The next few techniques are pure pranayama practice, in that they are complete exercises and not to be multi-tasked into your life. Find a comfortable chair or floor position that allows you to sit up straight, close your eyes and bring your attention to the breath.

Criss-Cross Breathing, Indian Style

Nadi Shodhana means “clearing the channels of circulation” and is described as alternate nostril breathing.  Studies have shown this technique has a quieting effect and is very helpful in reducing anxiety (and headache or other pain associated with it), overcoming insomnia and quieting an obsessive, compulsive mind.3

The basic technique is this: After a proper warm up (10 even breaths) inhale deeply, then close off the right nostril with your right thumb, exhaling through the left; smoothly inhale through the left, then close off your left nostril with your third/fourth right fingers, exhaling through the right.

There are several different variations that alternate nostrils in various patterns, designed to fine-tune the subtle effects of heating and cooling, energizing and relaxing. No matter what the approach, this technique is effective because it recognizes that the brain is divided into two hemispheres, the left brain controlling the right side of the body as well as artistic and creative sensitivities, and the right brain controlling the left side of the body, as well as the analytical and logistical functions. Nadi Shodhana addresses these disconnects and creates a criss-cross of energy that balances the actions of the brain, creating peace and presence.

A note of caution, nadi shodana should not be practiced when the sinuses are clogged. To do so would require force instead of flow, and this technique is designed to balance.

Bellows Breath

If you are feeling foggy and unfocused, the bellows breath can create exhilaration, improve digestion, increase metabolism and invigorate the liver, spleen, pancreas and abdominal muscles. Visualize the hand held bellows used to stimulate the flames of an indoor fire place, and you’ll understand how this breath can ignite the fire of life (agni), burning the stagnant rubbish around our internal organs, clearing channels and removing blockages.

When you are moving fast, you breathe harder. Your body increases your oxygen intake to meet the energy needs of the body.  More oxygen equals more energy. So wether oxygen intake increases in response to muscular movement or mental intention, the result is the same. More oxygen equals more energy.

After a proper warm up, in a space that supports your internal focus, fully exhale, and then begin forceful complete exhalations followed by forceful deep inhalations through your nose at the rate of one second per cycle. The breathing movement should be from your diaphragm. Keep your torso as stable as possible while your belly moves in and out.

Start with a round of ten Bhastrika breaths, then resume normal breathing and simply observe the sensations in your body. If you feel able, after 15-30 seconds, begin another round of twenty breaths. Pause and observe for 30 seconds, and if you feel it safe and appropriate to continue, do a round of 30 breaths.
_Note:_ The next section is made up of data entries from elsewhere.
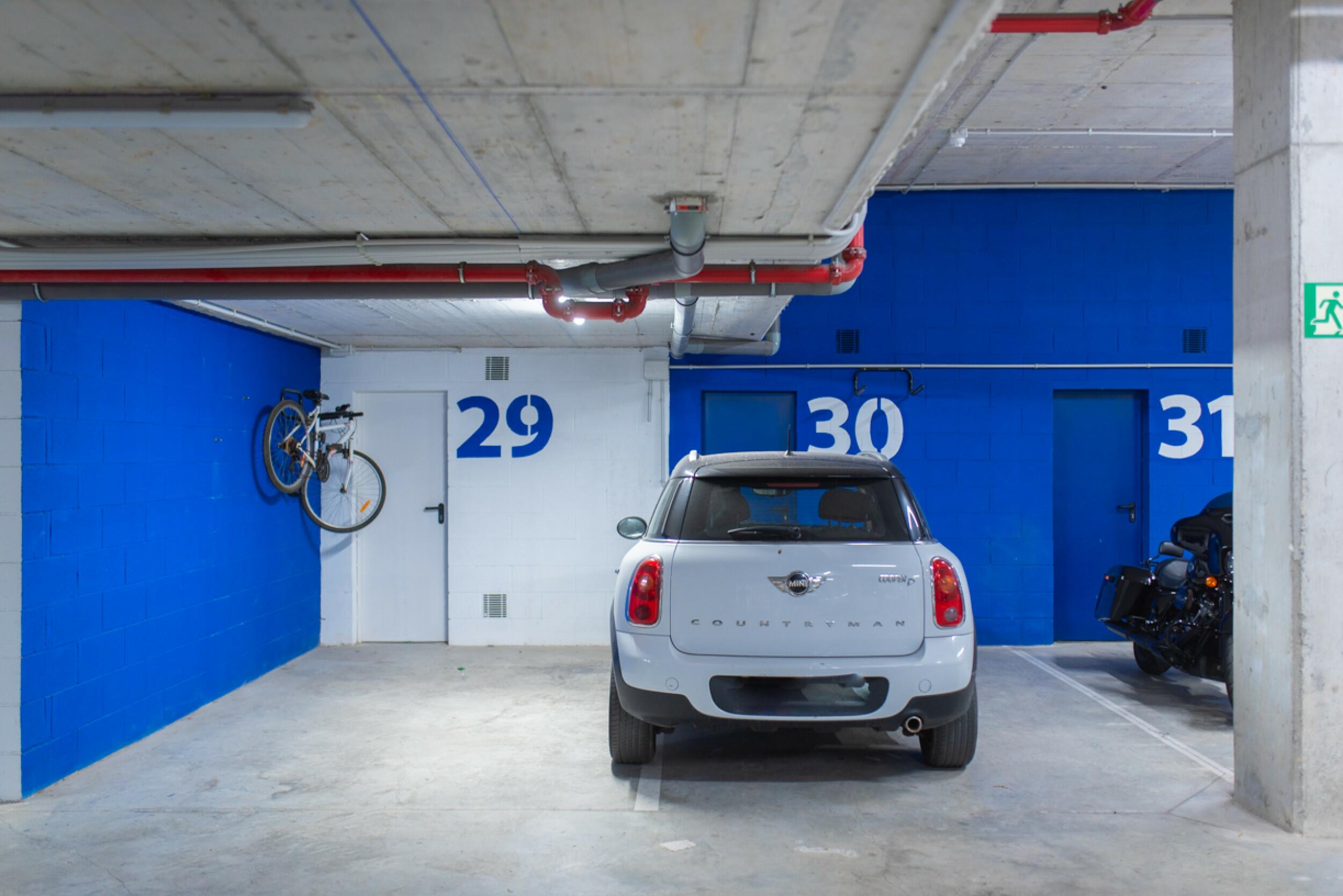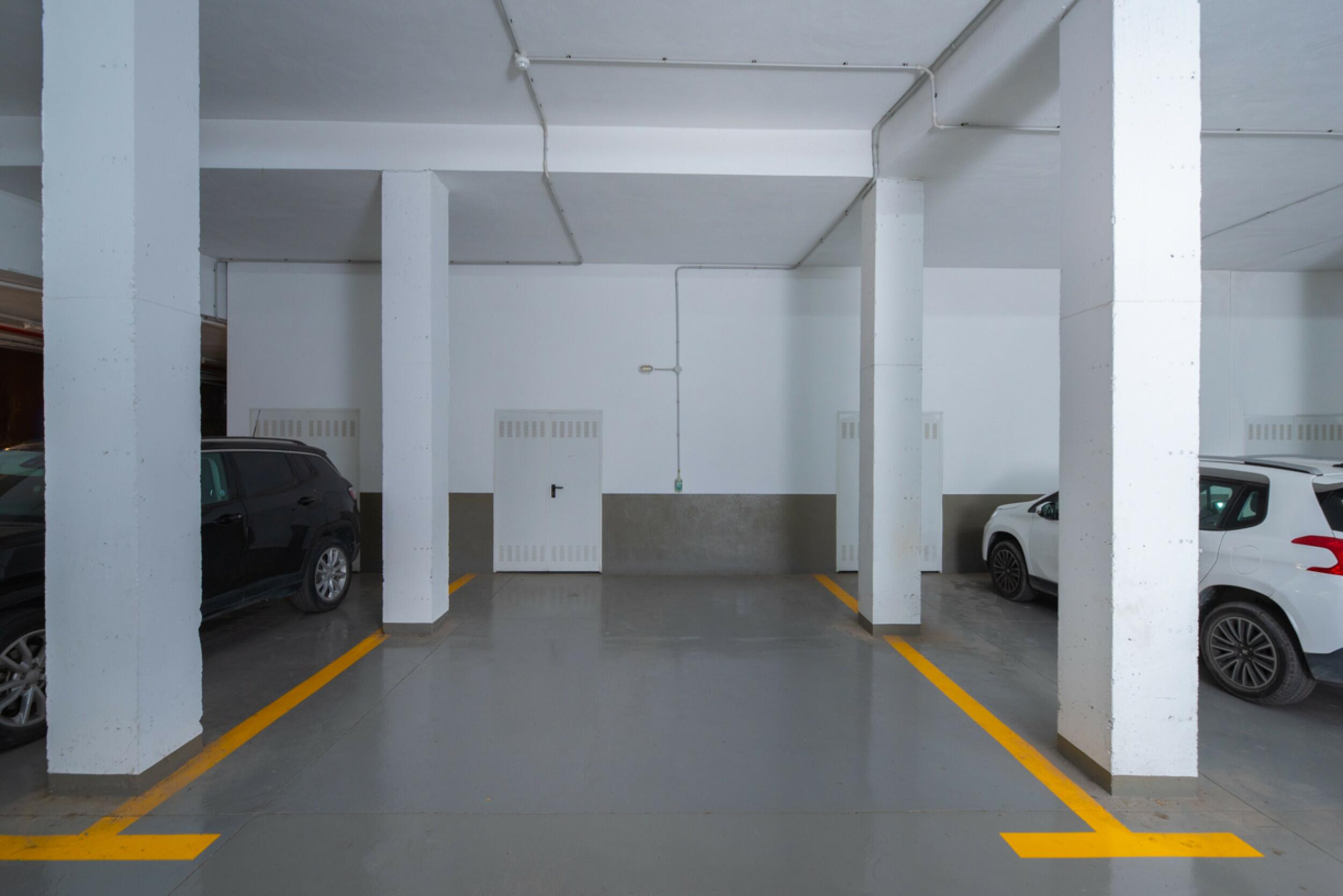 La comunidad ofrece acceso seguro a través de una entrada cerrada. Al llegar, encontrará un cómodo aparcamiento subterráneo con dos plazas privadas. Además, dispone de dos trasteros, cada uno de 5 m², situados justo frente a la zona de aparcamiento. Desde allí, puede tomar el ascensor directamente hasta la propiedad, ubicada en el segundo piso.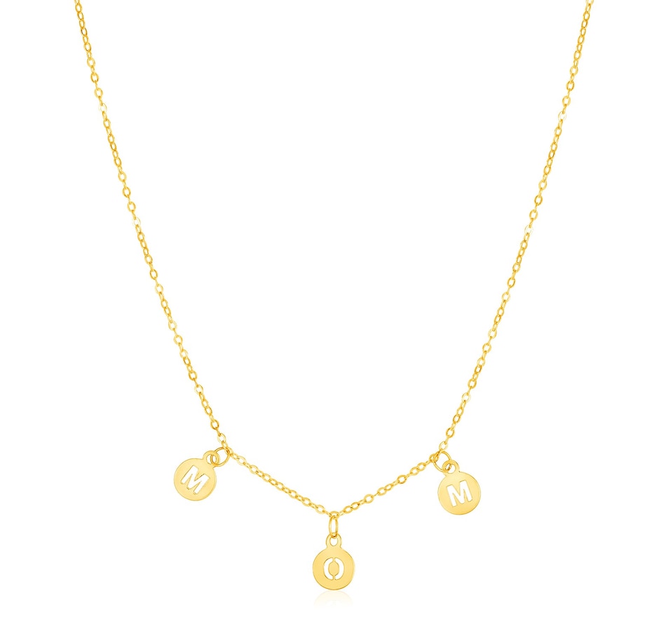 Wear motherhood with pride and love with this exquisite 14k yellow gold necklace, featuring sweet circle drops that spell "Mom". Necklace is 18 inches long.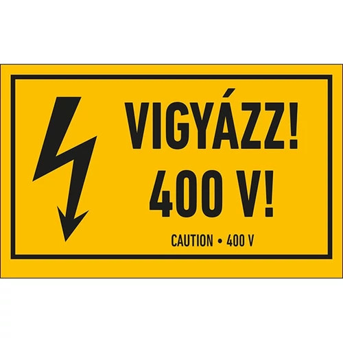 Vigyázz 400 V – Figyelmeztető tábla, 10×16 cm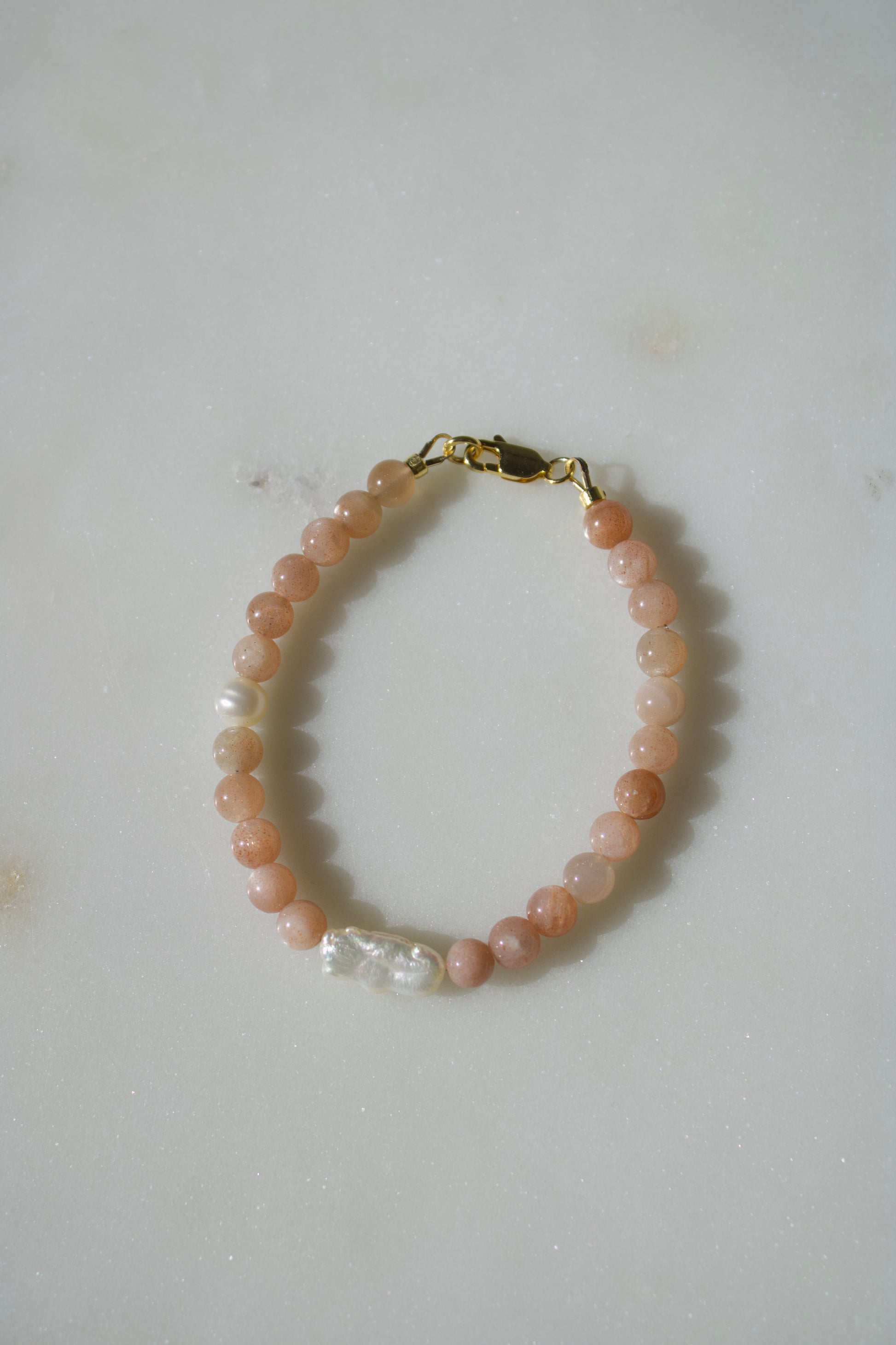 Das Earth & Sea Bracelet ist die zarte Ergänzung zu unserer Kette und vereint die natürliche Schönheit von Mondsteinperlen mit zwei besonderen Süßwasserperlen – einer länglichen Freiform-Perle und einer klassischen runden Perle. Es ist in pfirsichfarbenem oder schokobraunem Mondstein erhältlich, wobei jeder Stein für Sanftmut, innere Ruhe und emotionale Wärme steht.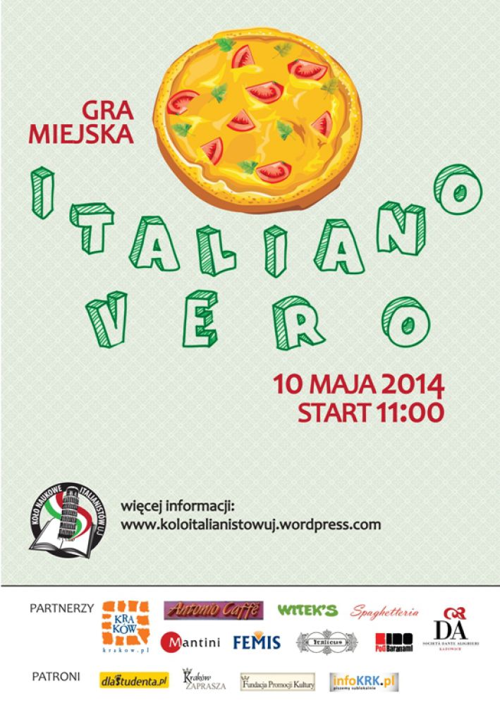 10 maja 2014 to może być sobota pełna słońca i niecodziennych zagadek. Możecie znaleźć się w Neapolu drugiej połowy XIX w. i poznać współczesną wersję świty Małgorzaty Sabaudzkiej nie wyjeżdżając poza granice Krakowa. Możecie połączyć naukę z zabawą, a przy tym zdobyć cenne nagrody, bo na pachnącą pizzą grę miejską zaprasza Koło Naukowe Italianistów Uniwersytetu Jagiellońskiego.

A variation of the bellows breath is the shining breath, called kapalabhati. It is less intense, and can be used to unclog sinuses in times of infection, allergy and general weakness. Where bellows breath is for burning, shining breath is for cleansing.

Sit comfortably and forcefully expel all the air from your lungs, then allow them to fill passively, breathing with your diaphragm. Do this ten times, allow your breath to return to normal and tune into your physical body. Listen to what it tells you! This cycle may be repeated three to four times.

Fine-Tuning the Technique

The next dimension of a pranayama practice is to consider ratios for each phase of the breath. The most simple example of this is to create samavrtti (samameans same, vrtti means movement) Consider the breath to be the inhale and the exhale, with a pause between each. Establish a count and make the inhale match the exhale, keep the pauses short and same.

A breathing pattern where the exhalation is longer than the inhalation is aimed at providing more time for cleansing and release. Any extended retention during the pauses should be sustainable for 8-10 breaths, and must not compromise the smooth flow of inhalation and exhalation. Trust your intuition and follow your inner guide. Pranayama is always healing. If something doesn’t feel right, stop external attempts to control and simply honor internal instinct.

Breath is the gift of life. When we work with the breath, we create the space to experience each situation in life as pure potential and positive karma. When we fall into unconsciousness breathing patterns, we become reactive, confused and disheartened. Putting on our own oxygen mask and allowing our breath to acknowledge and respond to our own needs is the only way our body and mind can be of service to others.